**Try it:**
Reproduce the material below only from the line with "Подсветка, сдув. Удобный" to the line with "根据2025年5月7日发布的", both included, keeping each line exact and dropping the pictures.
[Task inputs Boundary: Start]
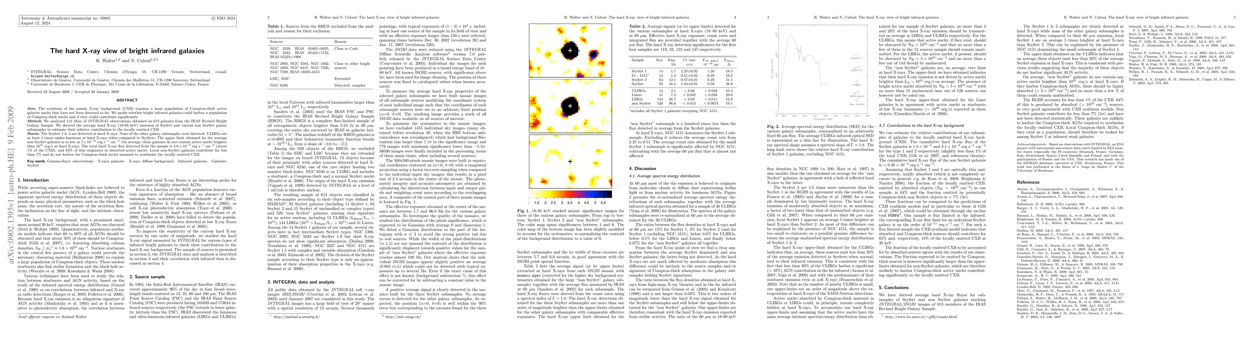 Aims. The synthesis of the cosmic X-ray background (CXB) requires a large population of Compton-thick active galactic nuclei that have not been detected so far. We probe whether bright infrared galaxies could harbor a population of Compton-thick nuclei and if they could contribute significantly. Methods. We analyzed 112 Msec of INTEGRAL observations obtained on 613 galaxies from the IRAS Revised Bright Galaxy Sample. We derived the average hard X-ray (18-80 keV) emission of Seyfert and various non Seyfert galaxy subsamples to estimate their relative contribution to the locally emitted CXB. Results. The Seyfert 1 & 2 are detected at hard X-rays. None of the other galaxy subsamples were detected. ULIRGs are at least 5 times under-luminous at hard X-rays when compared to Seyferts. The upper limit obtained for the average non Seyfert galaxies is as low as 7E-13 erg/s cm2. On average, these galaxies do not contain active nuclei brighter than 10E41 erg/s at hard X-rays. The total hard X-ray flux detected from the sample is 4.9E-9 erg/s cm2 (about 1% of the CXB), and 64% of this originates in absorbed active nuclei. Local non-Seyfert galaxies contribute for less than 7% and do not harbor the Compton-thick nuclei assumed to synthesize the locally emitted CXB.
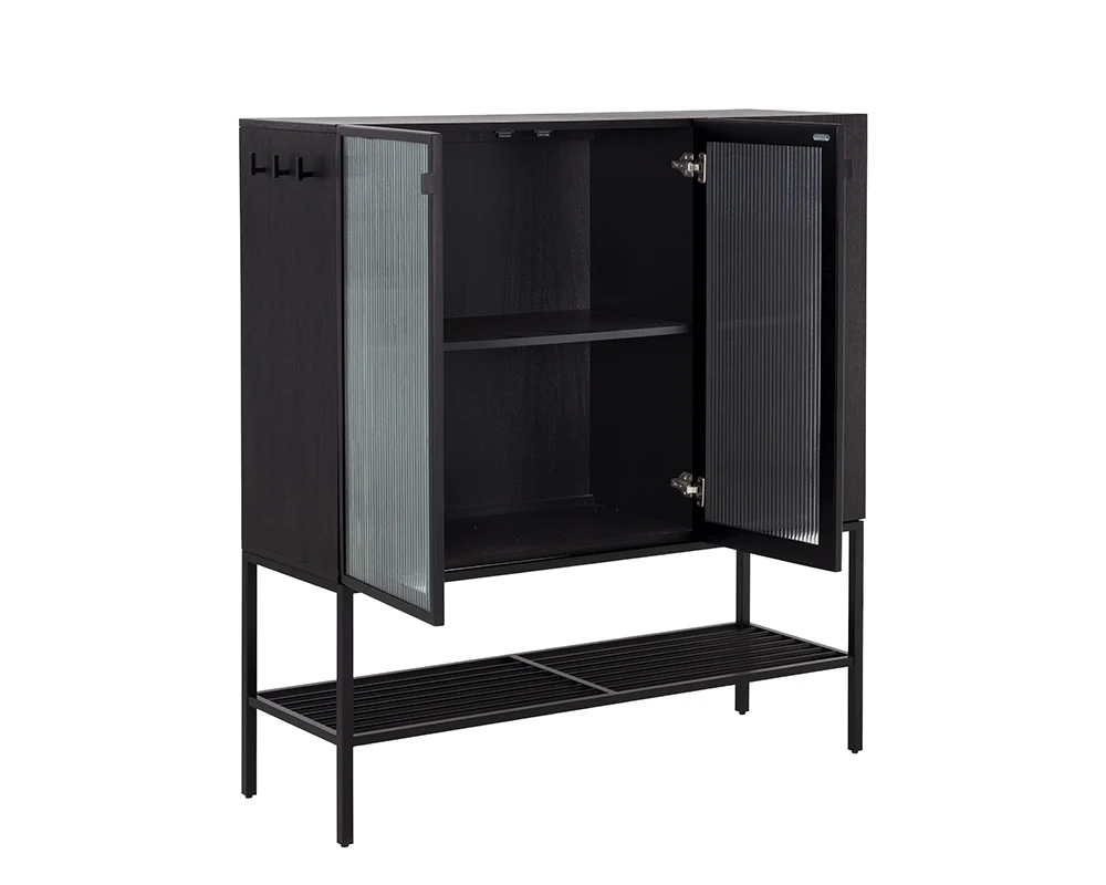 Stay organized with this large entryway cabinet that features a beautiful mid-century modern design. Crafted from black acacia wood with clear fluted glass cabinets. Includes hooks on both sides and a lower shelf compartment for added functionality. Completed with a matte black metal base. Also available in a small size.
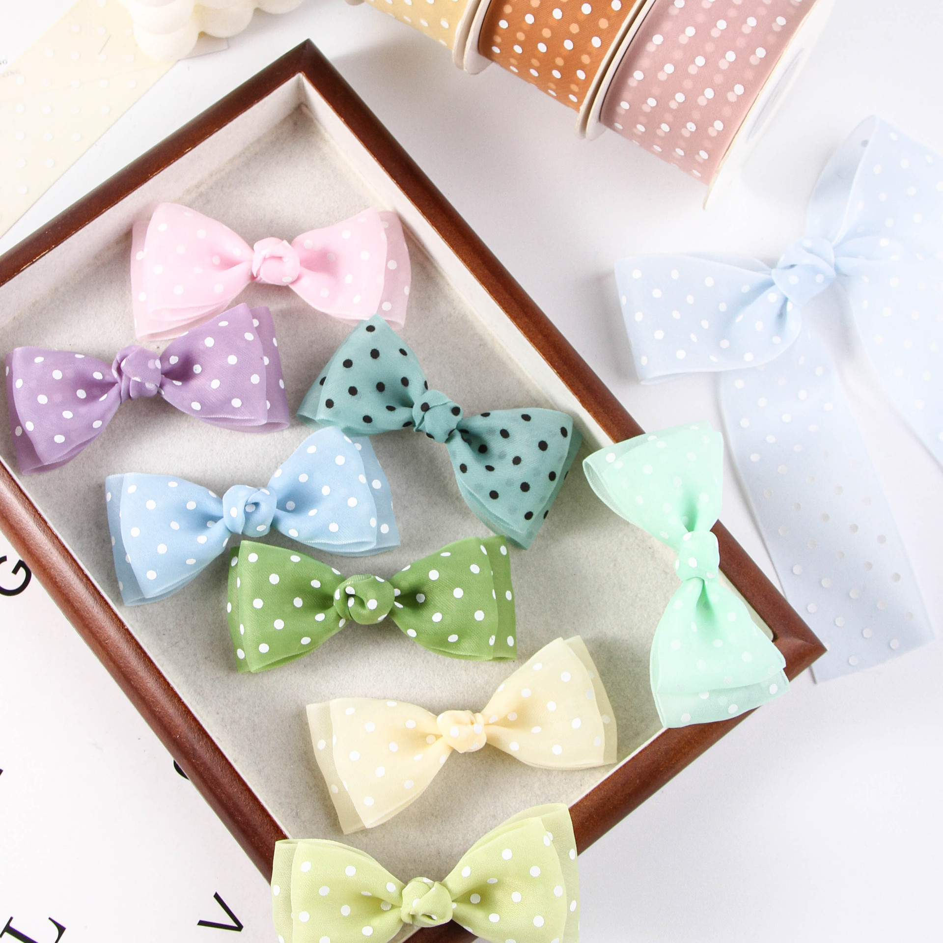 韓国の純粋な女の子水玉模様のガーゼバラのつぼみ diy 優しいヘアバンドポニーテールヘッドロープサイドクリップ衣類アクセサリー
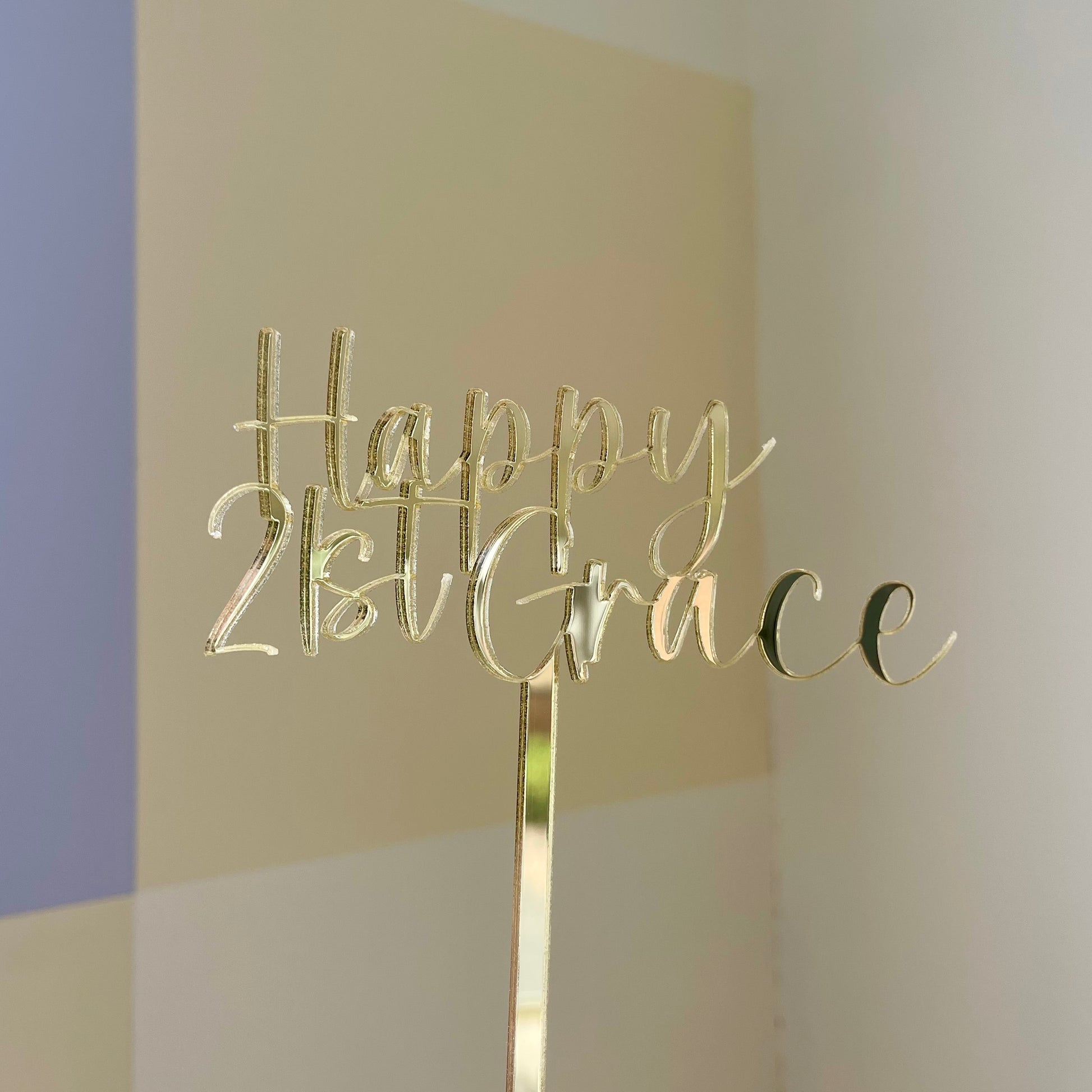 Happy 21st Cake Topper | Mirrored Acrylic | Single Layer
[Task inputs Boundary: End]
[Task inputs Boundary: Start]
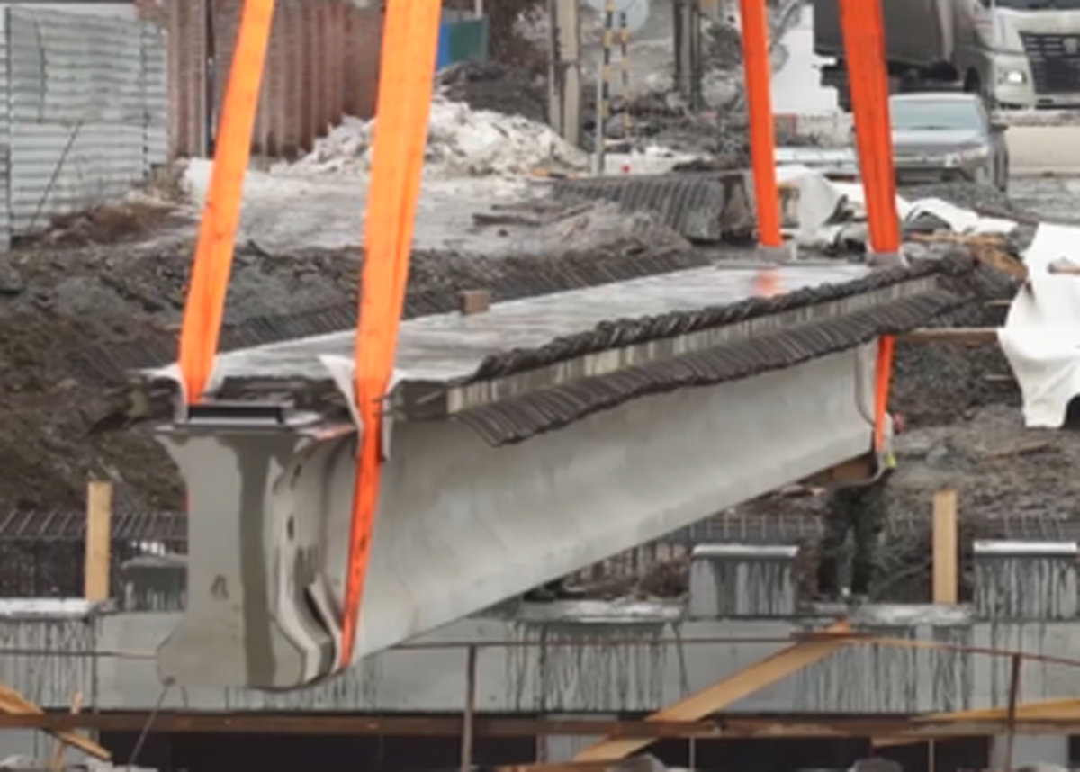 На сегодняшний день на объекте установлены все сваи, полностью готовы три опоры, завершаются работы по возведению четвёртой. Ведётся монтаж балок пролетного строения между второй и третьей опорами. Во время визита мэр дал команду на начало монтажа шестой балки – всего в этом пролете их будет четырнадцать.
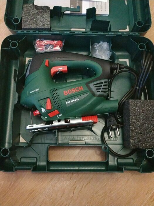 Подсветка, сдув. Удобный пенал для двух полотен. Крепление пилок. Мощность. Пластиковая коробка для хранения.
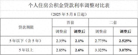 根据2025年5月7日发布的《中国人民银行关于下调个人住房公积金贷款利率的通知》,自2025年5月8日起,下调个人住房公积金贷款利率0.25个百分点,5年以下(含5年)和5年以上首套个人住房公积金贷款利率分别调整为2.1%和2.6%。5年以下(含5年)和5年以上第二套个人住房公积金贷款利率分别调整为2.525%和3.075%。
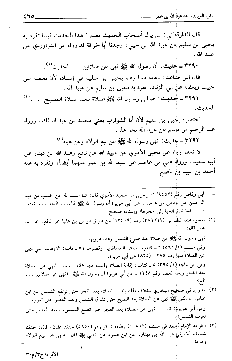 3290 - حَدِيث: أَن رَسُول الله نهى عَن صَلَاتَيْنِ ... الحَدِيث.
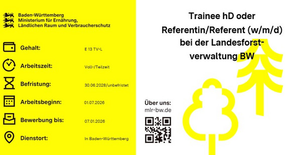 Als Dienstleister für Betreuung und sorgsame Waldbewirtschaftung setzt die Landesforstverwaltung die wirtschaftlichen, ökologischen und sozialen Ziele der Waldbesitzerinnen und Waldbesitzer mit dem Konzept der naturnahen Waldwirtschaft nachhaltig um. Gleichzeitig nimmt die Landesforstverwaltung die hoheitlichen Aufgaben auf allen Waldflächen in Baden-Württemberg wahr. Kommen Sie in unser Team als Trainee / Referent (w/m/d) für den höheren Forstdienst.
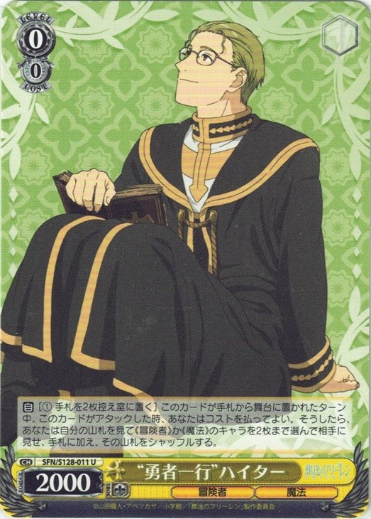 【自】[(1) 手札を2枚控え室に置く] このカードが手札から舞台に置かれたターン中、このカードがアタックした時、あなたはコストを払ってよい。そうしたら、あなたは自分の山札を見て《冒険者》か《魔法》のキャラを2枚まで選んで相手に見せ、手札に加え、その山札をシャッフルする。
[Task inputs Boundary: End]
[Task inputs Boundary: Start]
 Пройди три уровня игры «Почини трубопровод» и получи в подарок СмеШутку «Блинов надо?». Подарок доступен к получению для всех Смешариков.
[Task inputs Boundary: End]
**Answer to the exercise:**
 Подсветка, сдув. Удобный пенал для двух полотен. Крепление пилок. Мощность. Пластиковая коробка для хранения.
 根据2025年5月7日发布的《中国人民银行关于下调个人住房公积金贷款利率的通知》,自2025年5月8日起,下调个人住房公积金贷款利率0.25个百分点,5年以下(含5年)和5年以上首套个人住房公积金贷款利率分别调整为2.1%和2.6%。5年以下(含5年)和5年以上第二套个人住房公积金贷款利率分别调整为2.525%和3.075%。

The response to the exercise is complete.